Socialism in One Sector--the Housing Sector
Glenn Hubbard and Charlie Mayer call for the effective nationalization of the mortgage finance sector:
Low-Interest Mortgages Are the Answer: Recent news articles suggest that the Treasury Department is considering a plan to offer a 4.5% mortgage for home buyers for a period of time. Let's hope it does. It would help arrest the decline in house prices that is at the base of the ongoing financial crisis and recession.
Raising the demand for housing makes sense now. While fundamental factors clearly played a role in driving down house prices that were at excessive levels two years ago, we have argued in a paper (to be published in the Berkeley Electronic Journal of Economic Analysis and Policy) that in most markets house values are today lower than what is consistent with the average level of affordability in the past 20 years.
Nonetheless, without policy action house prices are likely to continue falling, thanks largely to the meltdown in mortgage markets and the weakening employment outlook. Conversely, we see little risk that increasing the demand for housing will touch off another housing bubble. And indexing the mortgage rate to the Treasury yield could avoid this outcome in the future. While the economy is contracting, low interest rates would spur housing activity. When economic activity improves, the U.S. Treasury yield and mortgage rates would rise.

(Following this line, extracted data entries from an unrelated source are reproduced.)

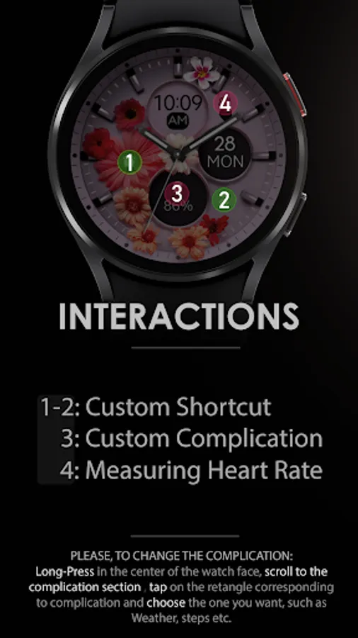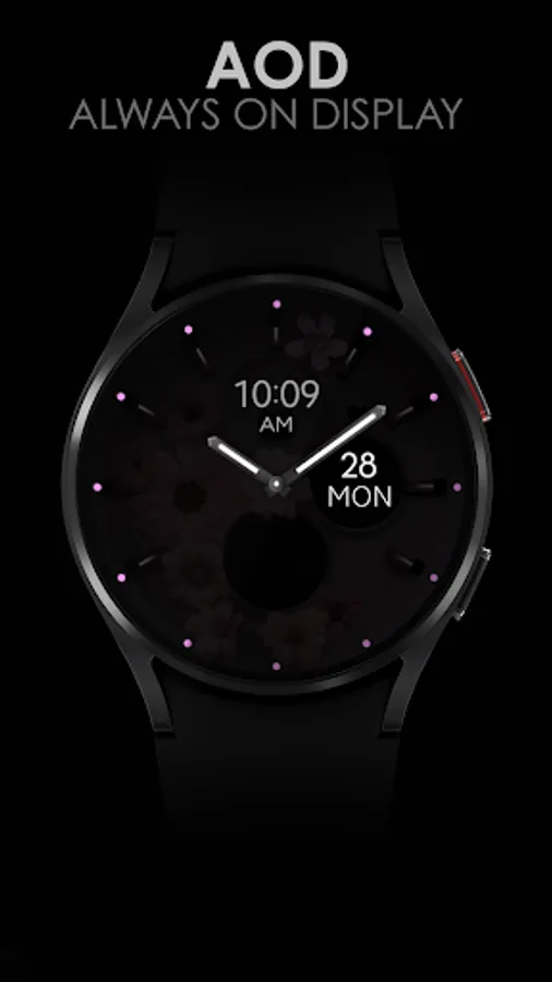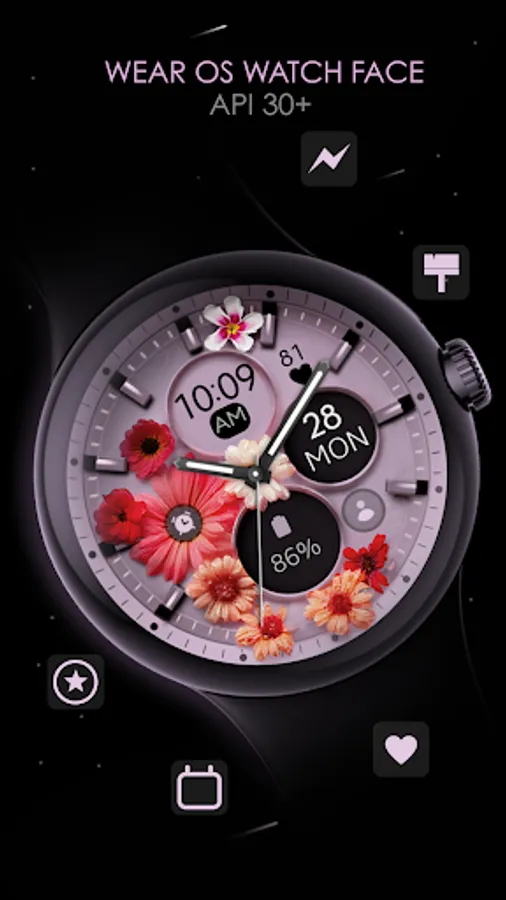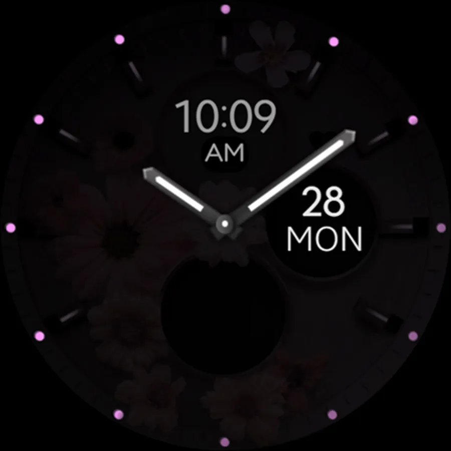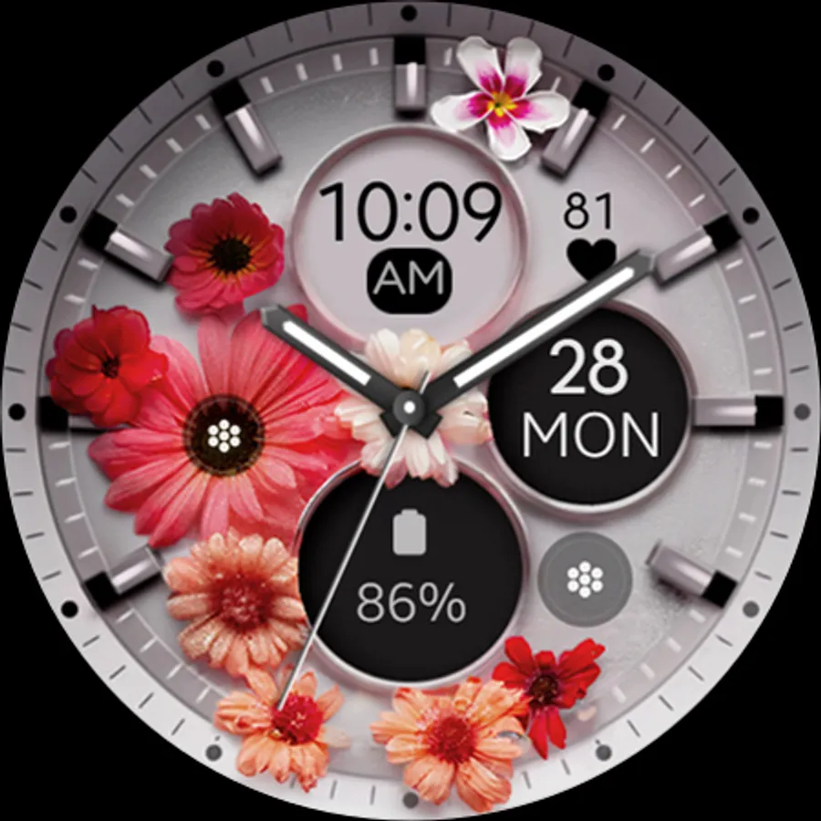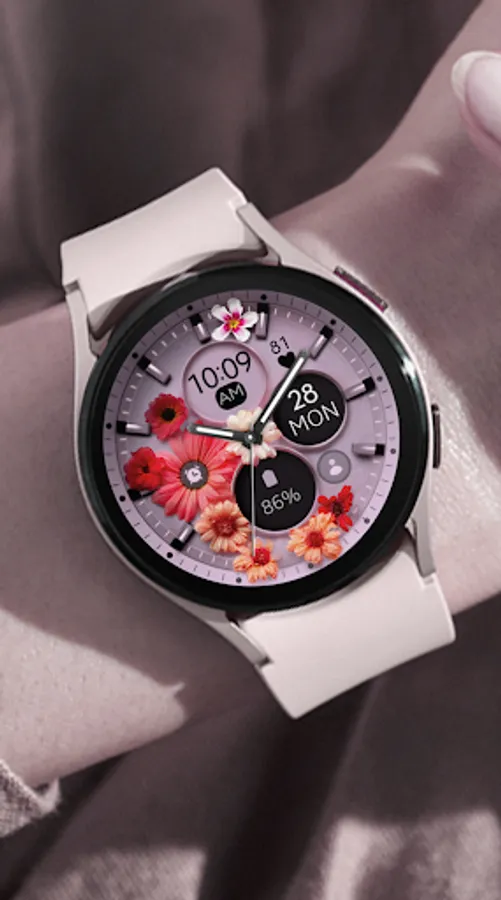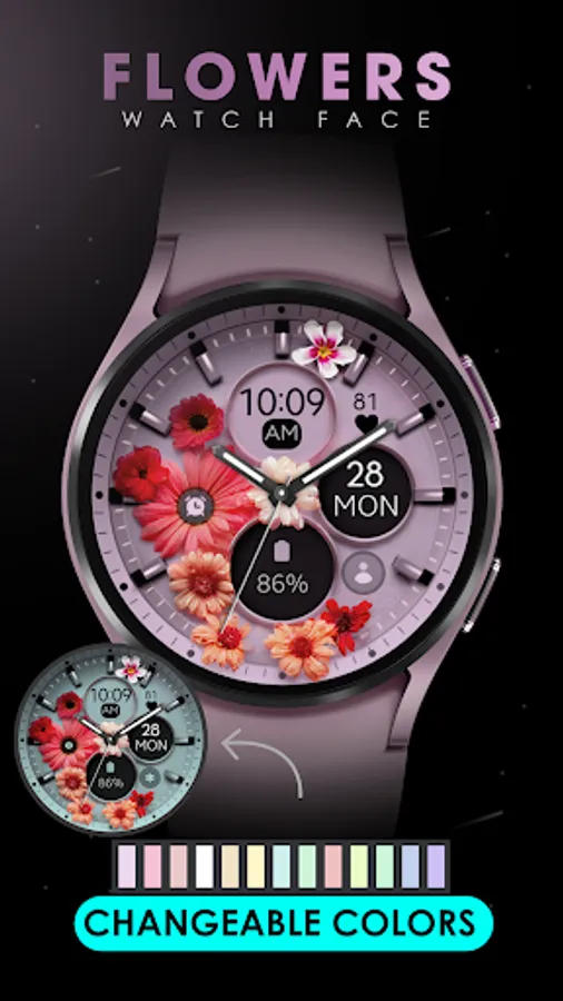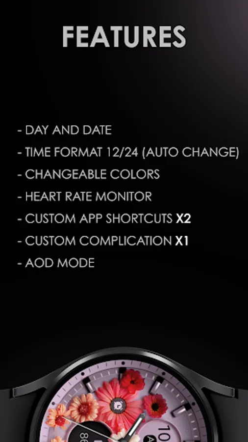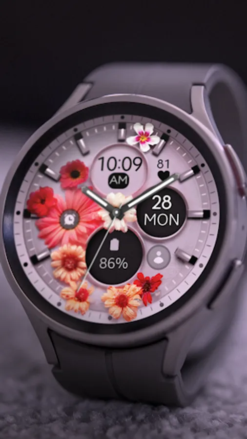 Flowers Purple a modern and stylish analog watch face for Wear OS devices. It features a delicate floral design in red, white, and orange against a pastel purple background. The color of the background can be customized to match your style. The watch face also has two app shortcuts and one custom complication, which can be used to display your favorite information. With Flowers purple, you can add a touch of elegance to your smartwatch while staying connected to the information that matters most to you.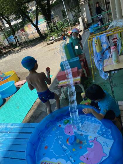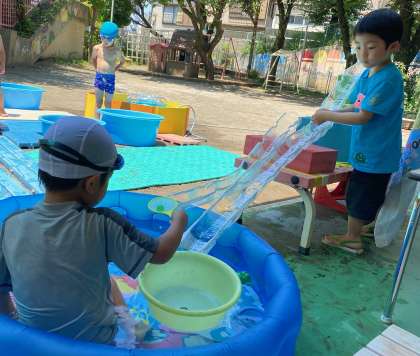 コロナ化の影響で、そうめんパーティーができずにいると保護者の方が流しそうめんの台を作ってくださいました。早速、はな組の水遊びで使いました!室内でも積み木を組み立ててて、ボールを転がすコロコロゲームを楽しんでいた子供たち。水遊びでもコロコロゲームを作り、流しそうめんの台からボールを転がして遊びました。「コロコロしたよ!」「楽しい!」とたくさんの声が聞こえてきました。保護者の皆さんいつもご協力ありがとうございます。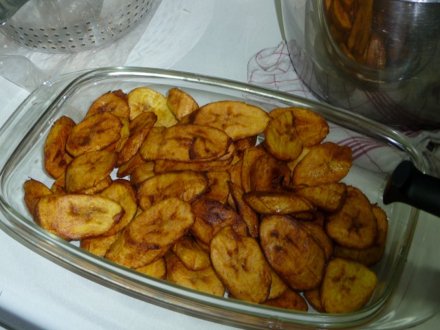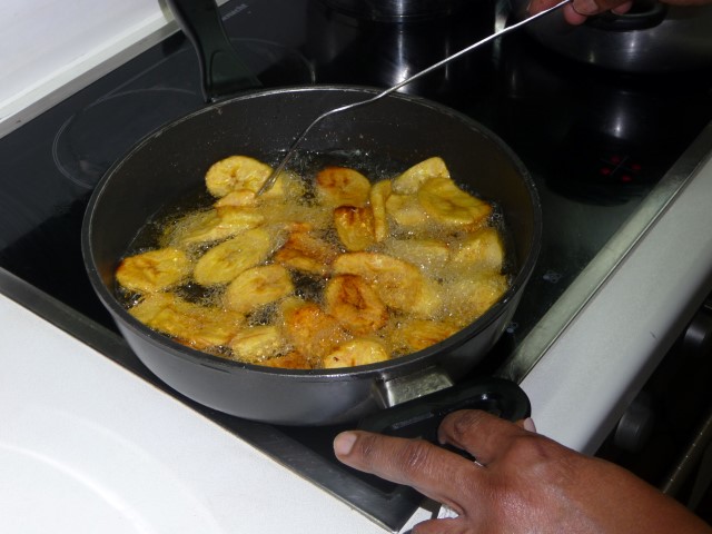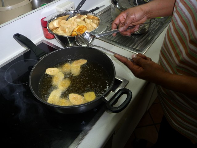 Zum Hauptgang wurden zwei Speisen gereicht: Pangasius Steak und gebratenes Rindfleisch, als Beilage gab es gedämpften Reis, weiße Bohnen in Tomatensauce, Manioko nugba (Maniok), Ndunda (eine schmackhafte Mischung aus blanchiertem Blattspinat, Okraschoten und Auberginen), plantain (in heißem Öl fritierte Bananen) sowie Arachides (Erdnüsse). Werfen Sie doch einen Blick in das beigefügte Rezept und probieren Sie die typisch kongolesische Küche!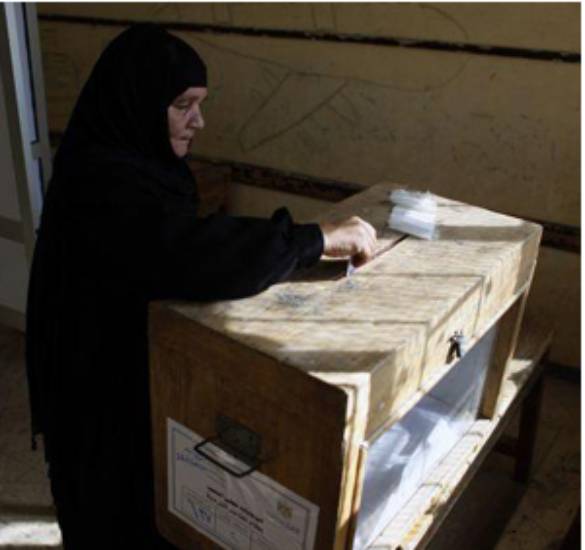An Egyptian woman casts her vote at a polling centre during the second day of the election runoffs for Egypt's parliament, in Giza on December, 22, 2011.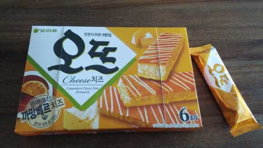 オリオンのオットーチーズ味も、日本では無名ですが美味しいお菓子です。韓国のお土産で、オリオンのオットーチーズ味をあげたら、恐らく多くの人は驚くと思います。ヨーロッパの味に近い味です、チーズの味も複雑な味がします。ケーキの部分もショコラ味同様にしっとりしています。あまり甘くないので、甘いものが得意でない人にもお勧めです。手作り高級菓子の味に近いのに、価格は6本入りで2200ウォン(約220円)でした。プレゼントとして渡しても、喜ばれるお菓子でしょう。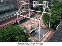 Most notable are the two "ghost structures" made of square tubular steel, recreating and suggesting the outline of the long-demolished buildings within the courtyard. The design resulted from inadequate historical information to properly reconstruct the structures, couple with emerging philosophical views at the time towards reconstruction of structures.[2][3] The design concept has since been emulated at other historic sites. Ten years after their construction, in 1986, the National Park Service specifically noted that the "ghost structures" should be evaluated upon reaching the 50-year limit for the National Register of Historic Places, and were listed as "non-historic, contributing."[1] According to the National Register nomination, the larger frame, depicting the Franklin House, is 49'5" x 33', by 50'6" tall at the crest of the roof, while the smaller frame, depicting the Print Shop, measures 48' by 20', with 48 feet to the crest of the roof.[1] Pavement changes demarcate the arrangement of rooms, and concrete hoods permit visitors to look down to the archaeological remains beneath.[1]

A 4.5% mortgage rate is not too low. The 10-year U.S. Treasury yield closed at 2.3% on Dec. 12, 2008. Hence a 4.5% mortgage rate is 2.2% above the Treasury yield, above the 1.6% spread that would prevail in a normally functioning mortgage market.
Some have argued that lenders should earn more than the average 1.6% spread, to compensate for the fact that housing is a much riskier investment today. We don't think so. Recall that a mortgage can be thought of as a risk-free bond plus two possibilities that increase risk to lenders: default and/or prepayment. Historically, the risk of default adds about 0.25% to the interest rate. The remaining spread of the mortgage rate over the Treasury yield represents the risk of prepayment and underwriting costs. With falling house prices, the risk of default could indeed add 0.75% or more for a newly underwritten and fully documented loan. But 4.5% would be the lowest mortgage rate in more than 30 years -- so the additional risk to lenders of prepayment would be almost nil. And low mortgage rates would substantially reduce the risk of further house price declines...
The Treasury doesn't have the know-how to offer mortgages. Fannie and Freddie do.
All in all, I approve of the plan: having Fannie and Freddie buy up mortgages at market prices and refinance them at 4.5% could do a lot of good for the country and make a fortune for the government.
I am, however, gobsmacked to see Glenn Hubbard proposing it.